ABOUT THIS TASK =
Repeat the full listing below verbatim and keep the images out.

INFORMATION SHOWN =
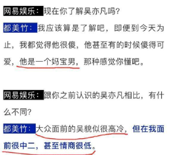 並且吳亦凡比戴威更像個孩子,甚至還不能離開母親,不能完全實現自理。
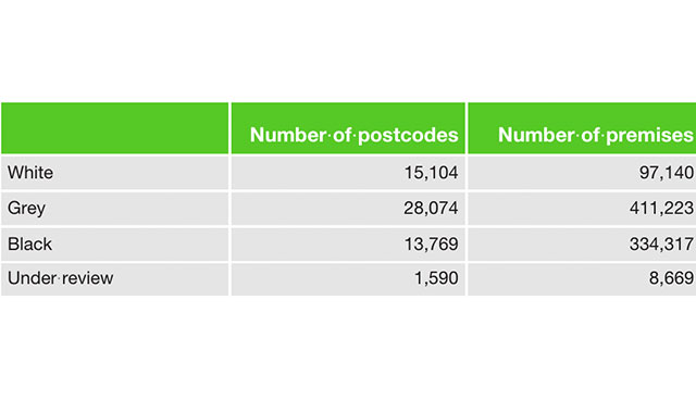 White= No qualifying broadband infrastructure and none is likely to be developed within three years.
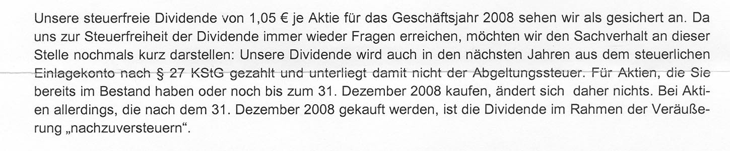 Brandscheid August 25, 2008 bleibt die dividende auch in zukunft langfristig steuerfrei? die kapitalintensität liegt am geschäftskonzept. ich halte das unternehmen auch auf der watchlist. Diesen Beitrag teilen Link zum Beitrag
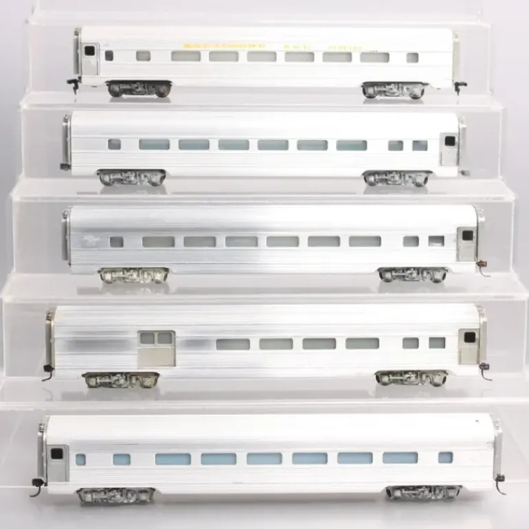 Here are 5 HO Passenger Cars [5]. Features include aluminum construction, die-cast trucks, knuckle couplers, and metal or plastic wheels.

SOLUTION =
 並且吳亦凡比戴威更像個孩子,甚至還不能離開母親,不能完全實現自理。
 White= No qualifying broadband infrastructure and none is likely to be developed within three years.
 Brandscheid August 25, 2008 bleibt die dividende auch in zukunft langfristig steuerfrei? die kapitalintensität liegt am geschäftskonzept. ich halte das unternehmen auch auf der watchlist. Diesen Beitrag teilen Link zum Beitrag
 Here are 5 HO Passenger Cars [5]. Features include aluminum construction, die-cast trucks, knuckle couplers, and metal or plastic wheels.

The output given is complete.